Exercise brief: Among the entries below, the lines from the one with "Jaime et Jespere" up to and including the one with "True Religion Margaux" are to be restated exactly, without pictures.

Excerpted records:
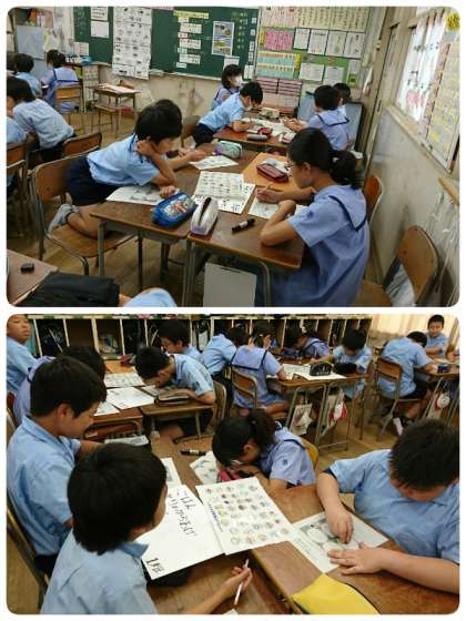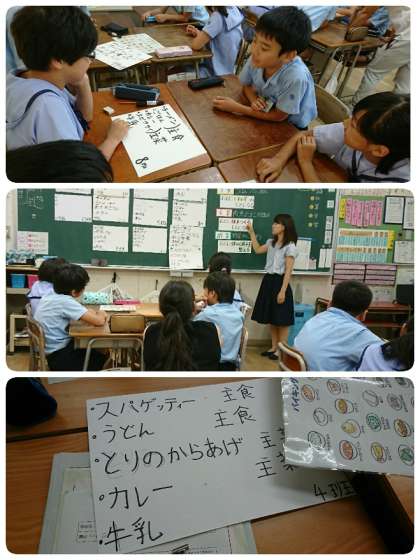 様々なメニューの中から、自分達が食べたい給食のメニューをグループで考えました。一人一つずつ好きなものを選んで献立を考えるグループや、全体のバランスを考えながら献立を考えるグループなど、個性が出ていておもしろかったです。でもちょっと欲張り過ぎな献立が多かったような・・・(^_^;)
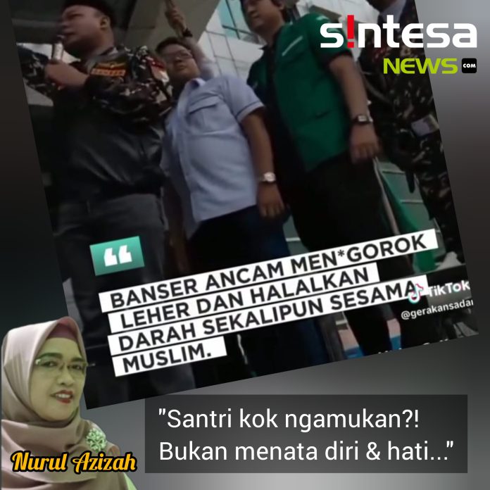 Penulis merasa sedih saja, ada kelompok tertentu yang mengatas namakan Banser dan Pemuda Anshar “ancam menggorok leher dan halalkan darah sekalipun sesama muslim.” Sedih saja melihatnya. Bagi orang awam mereka tahunya ya santri, tapi kok “ngamuk” dengan kata-kata tak terkendali. Apalagi perkataan itu telah direkam dan posting di banyak platform media sosial.
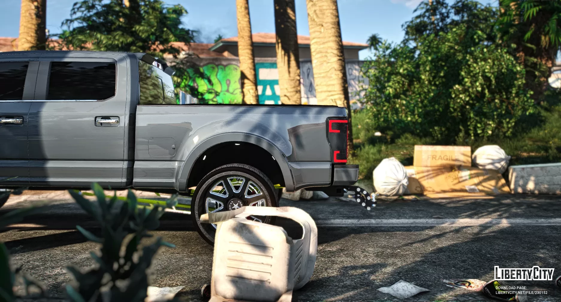 Ford Super Duty F-350 Platinum для GTA 5. Ford Super Duty F-350 Platinum — это массивный и внушительный пикап, выделяющийся своим агрессивным и современным дизайном. На передней части установлен мощный металлический кенгурятник, который защищает ре...
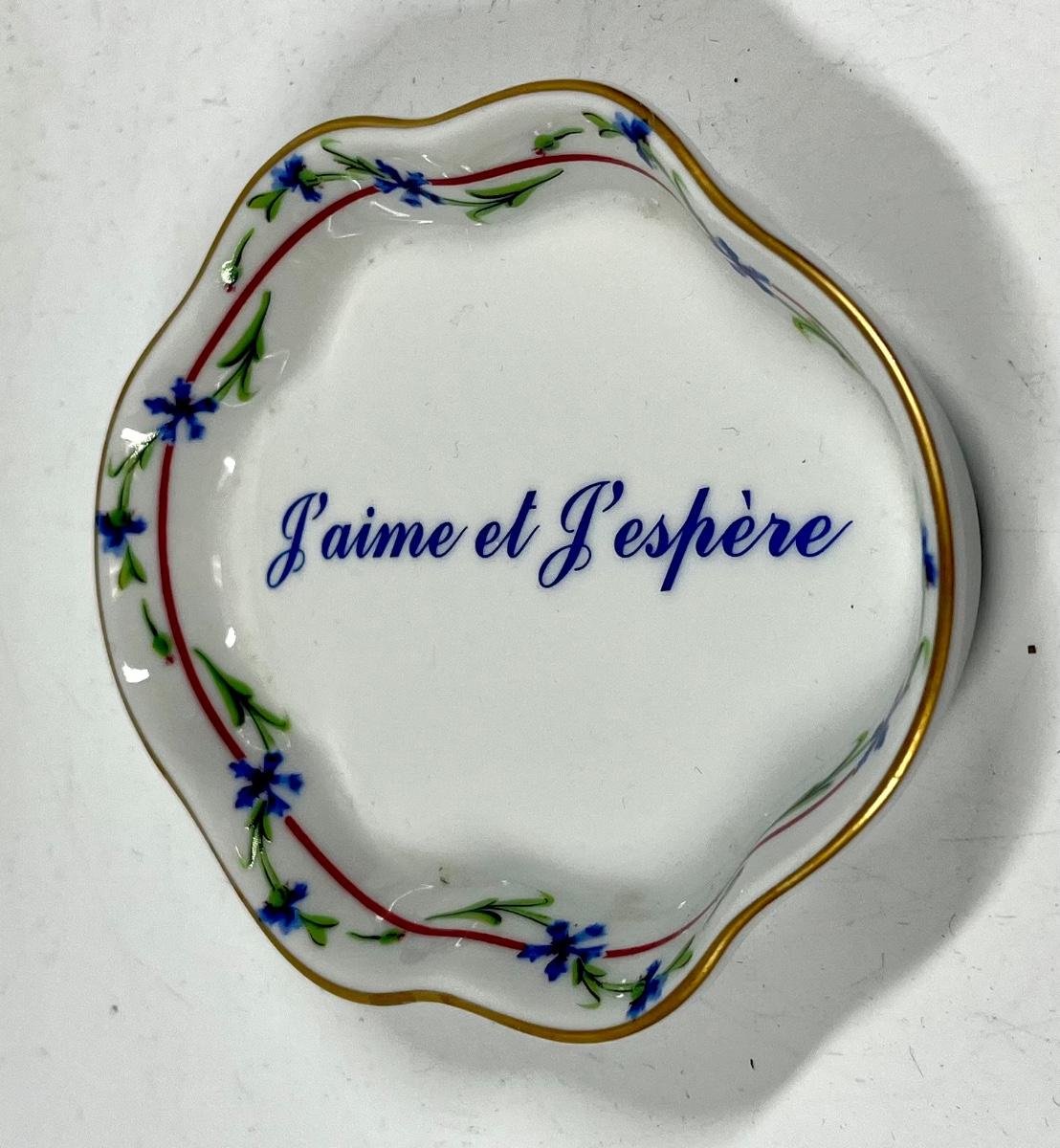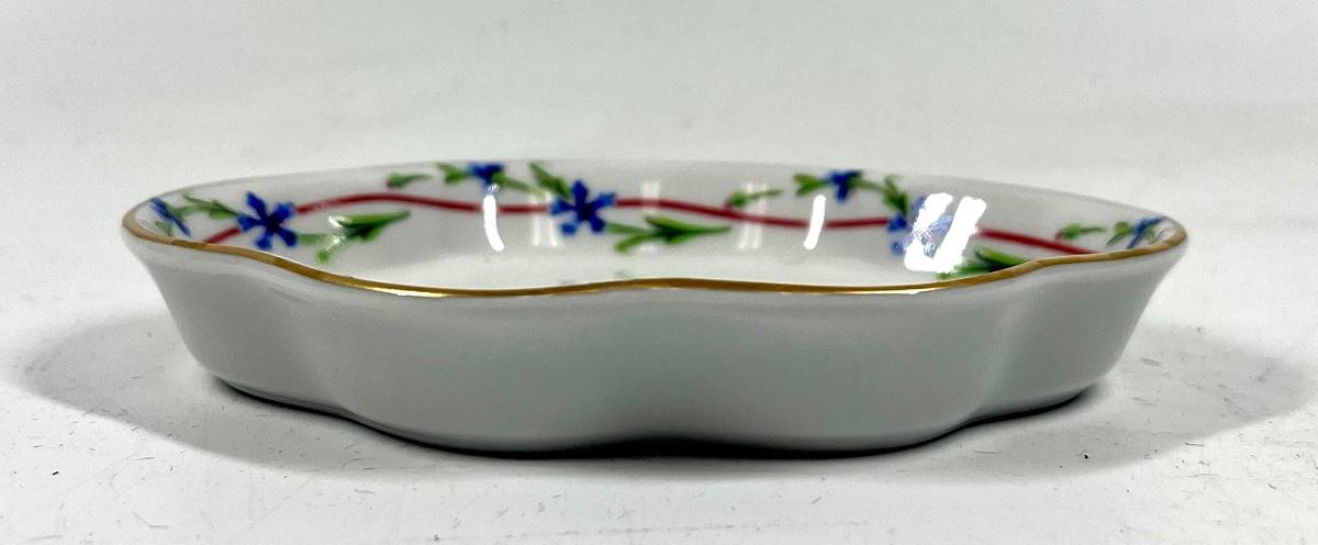 Jaime et Jespere miniature decorative dish blue flower vine pattern Mottahedeh Portugal
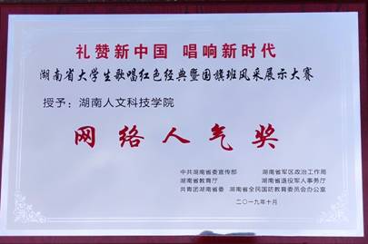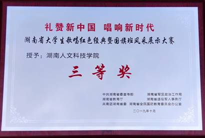 10月18日下午,以“礼赞新中国唱响新时代”为主题的湖南省大学生歌唱红色经典暨国旗班风采展示大赛颁奖典礼在湖南教育电视台举行。太阳成官网荣获本次大赛三等奖及组织奖并喜获网络人气前三名。谢柳、胡坚毅、刘惠娟、周樑四名老师获得优秀指导老师奖。
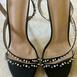 True Religion Margaux Spike Studded Black Stiletto Heels | Faux Leather Size 8.5
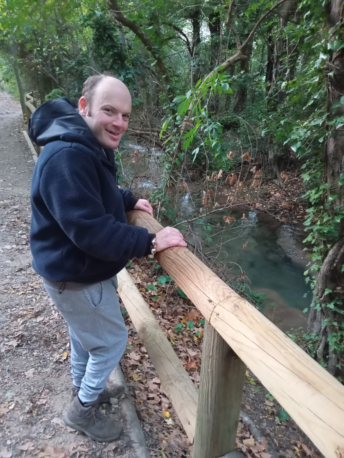 J’ai retrouvé Jéjé , Annick, Michelle et Henri. Nous avons déjeuné ensemble comme d’habitude un bon plat préparé par Michelle. Jéjé avait toujours sa gêne au niveau de la bouche et faisait toujours autant de crises. Après une sieste agitée nous sommes partis pour notre grande marche favorite sur le parc de Saint Pons. Jéjé a super bien marché ; un vrai sportif, il était super joyeux, la forêt et surtout la rivière lui ont fait un grand bien. Ensuite nous sommes passés chez Valentin pour assister à son cours de Djembé et avons mangé notre pique nique là bas car le soleil s’est couché tôt et il faisait un froid humide. Antoine y était aussi. Super soirée pour Jéjé qui a bien dansé L’Afrique.
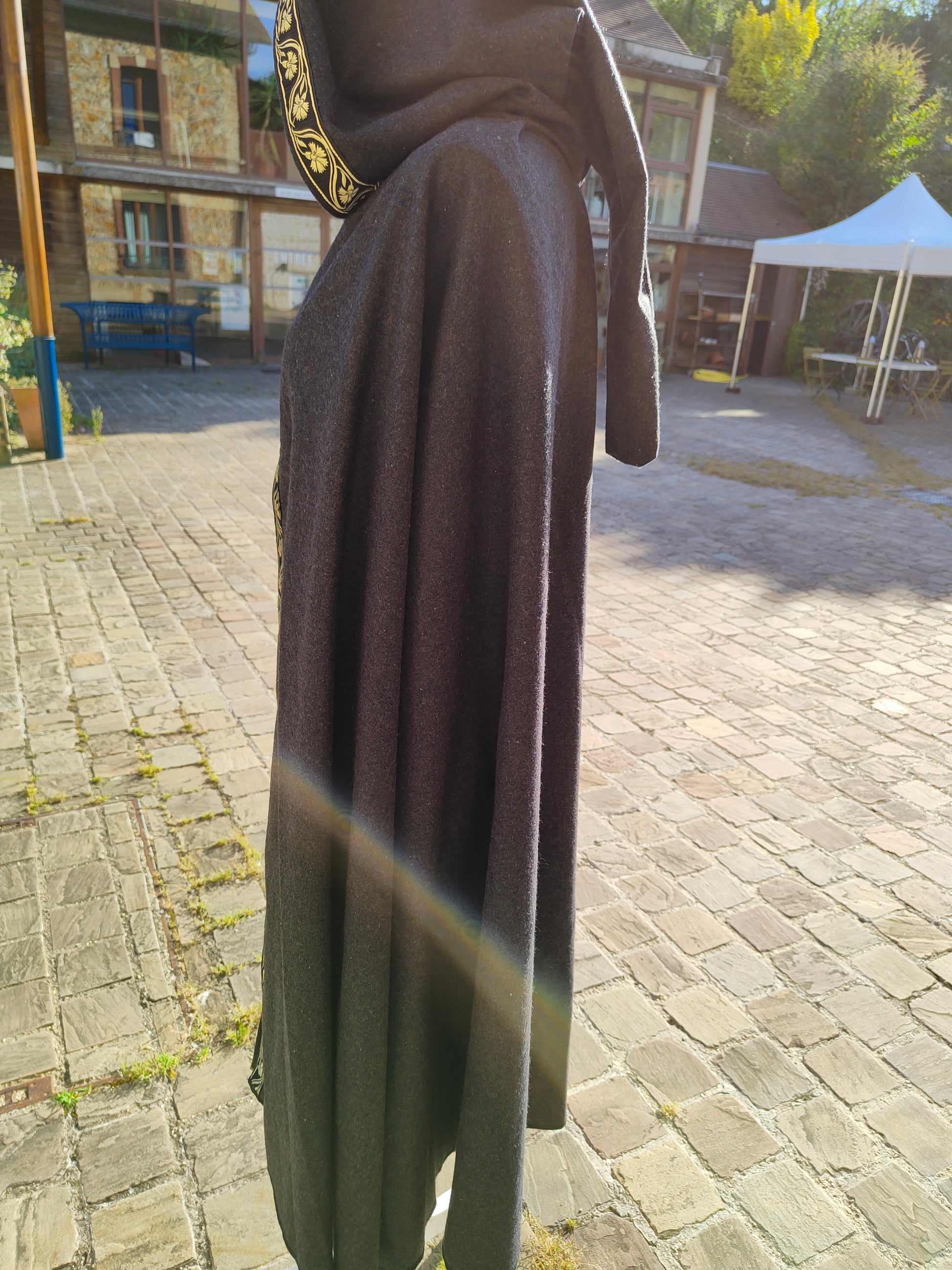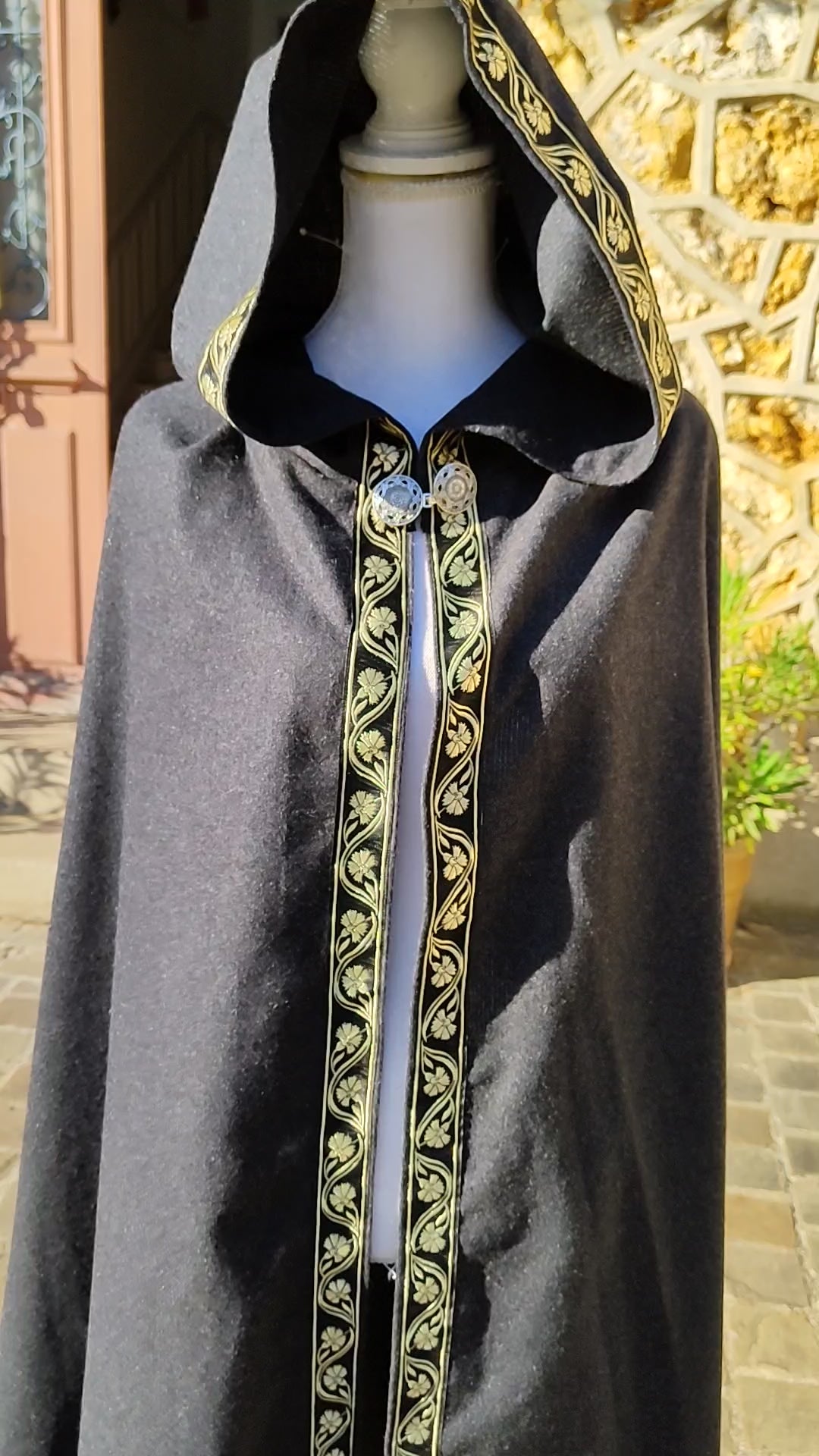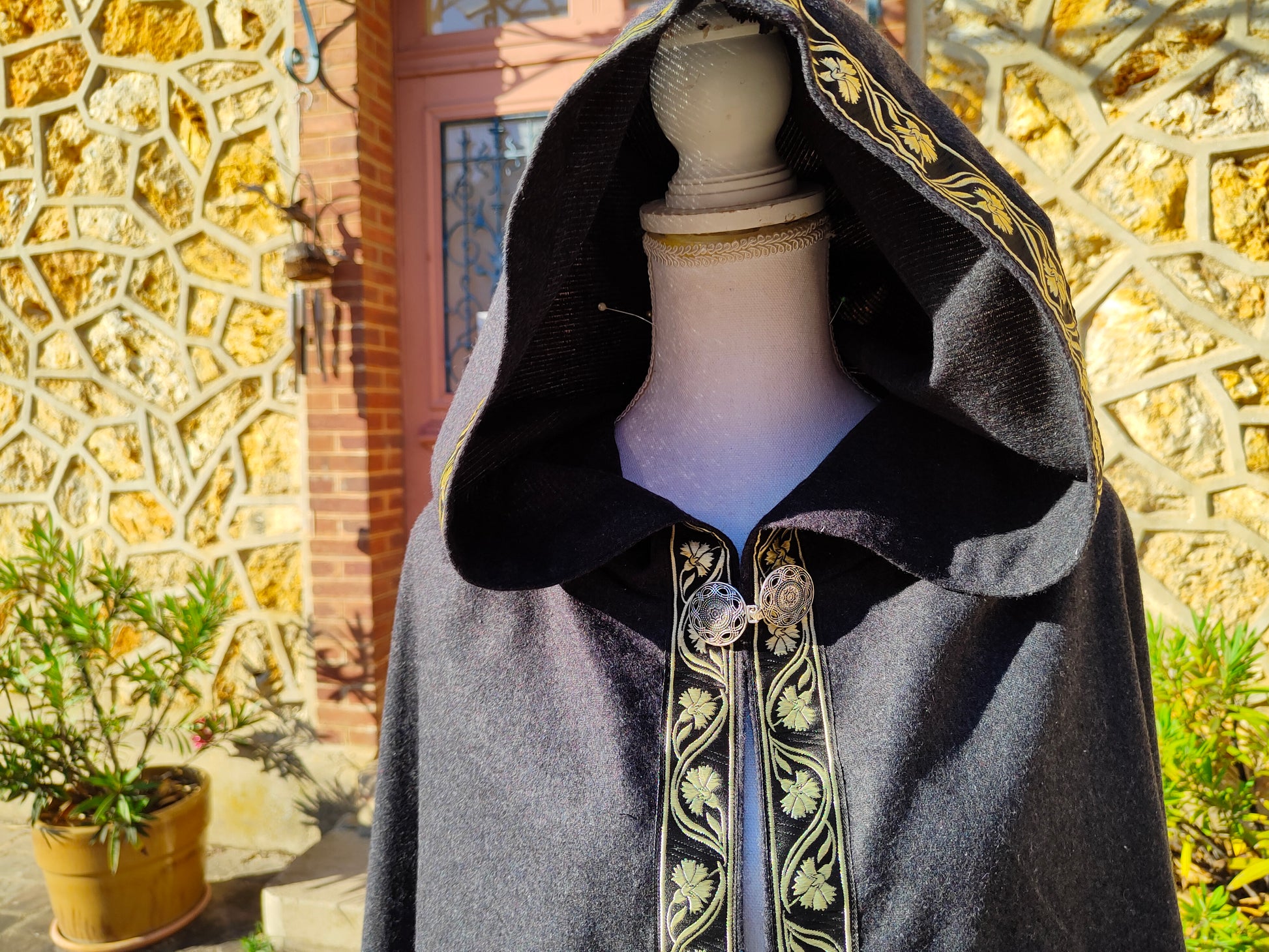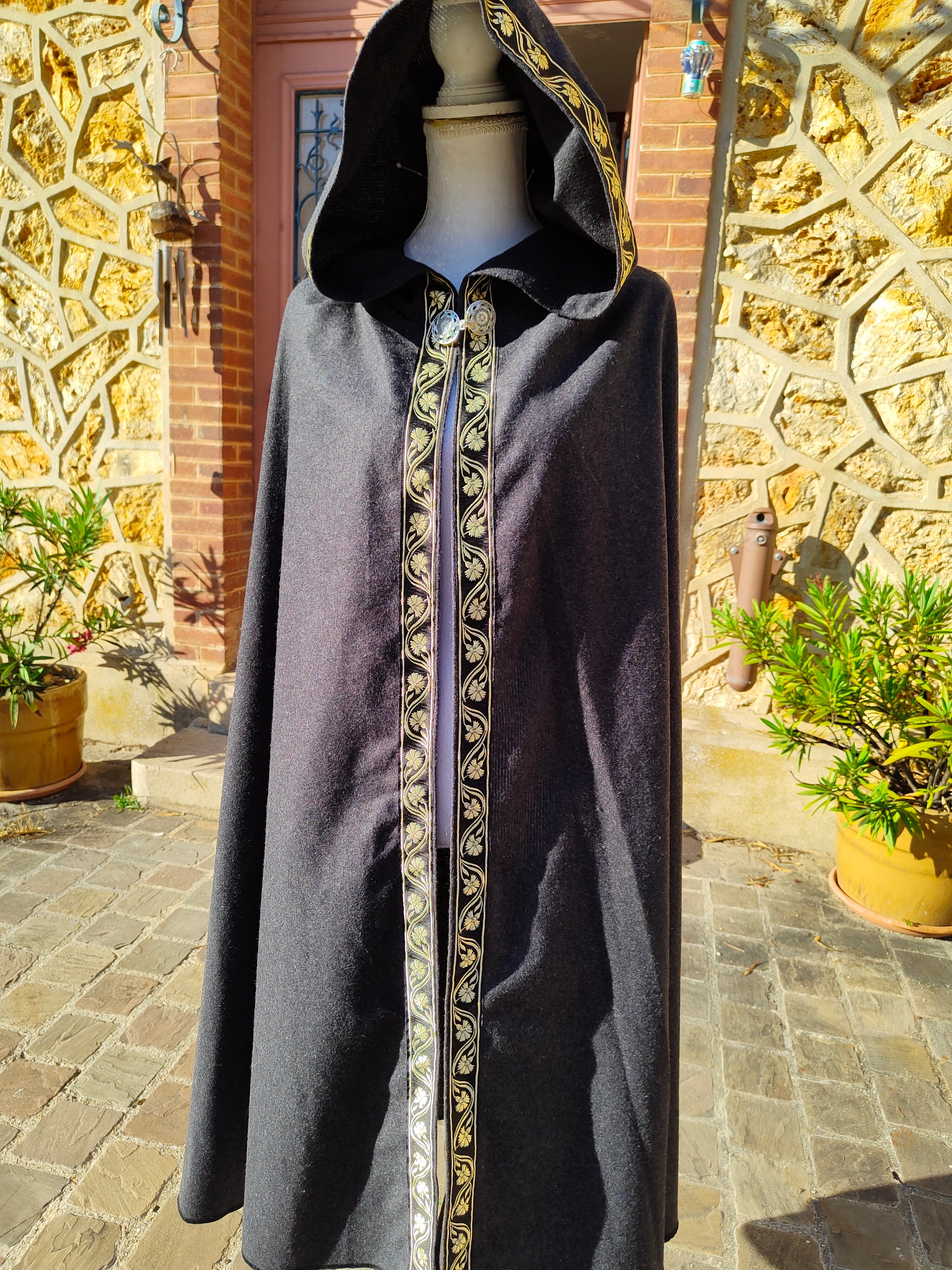 Cape médiévale ou Renaissance gris anthracite en lainage cachemire fin, dotée d'un galon dorée . La capuche longue et pountue est bien enveloppante. Parfaite pour compéter votre costume.

Response to this task:
 Jaime et Jespere miniature decorative dish blue flower vine pattern Mottahedeh Portugal
 10月18日下午,以“礼赞新中国唱响新时代”为主题的湖南省大学生歌唱红色经典暨国旗班风采展示大赛颁奖典礼在湖南教育电视台举行。太阳成官网荣获本次大赛三等奖及组织奖并喜获网络人气前三名。谢柳、胡坚毅、刘惠娟、周樑四名老师获得优秀指导老师奖。
 True Religion Margaux Spike Studded Black Stiletto Heels | Faux Leather Size 8.5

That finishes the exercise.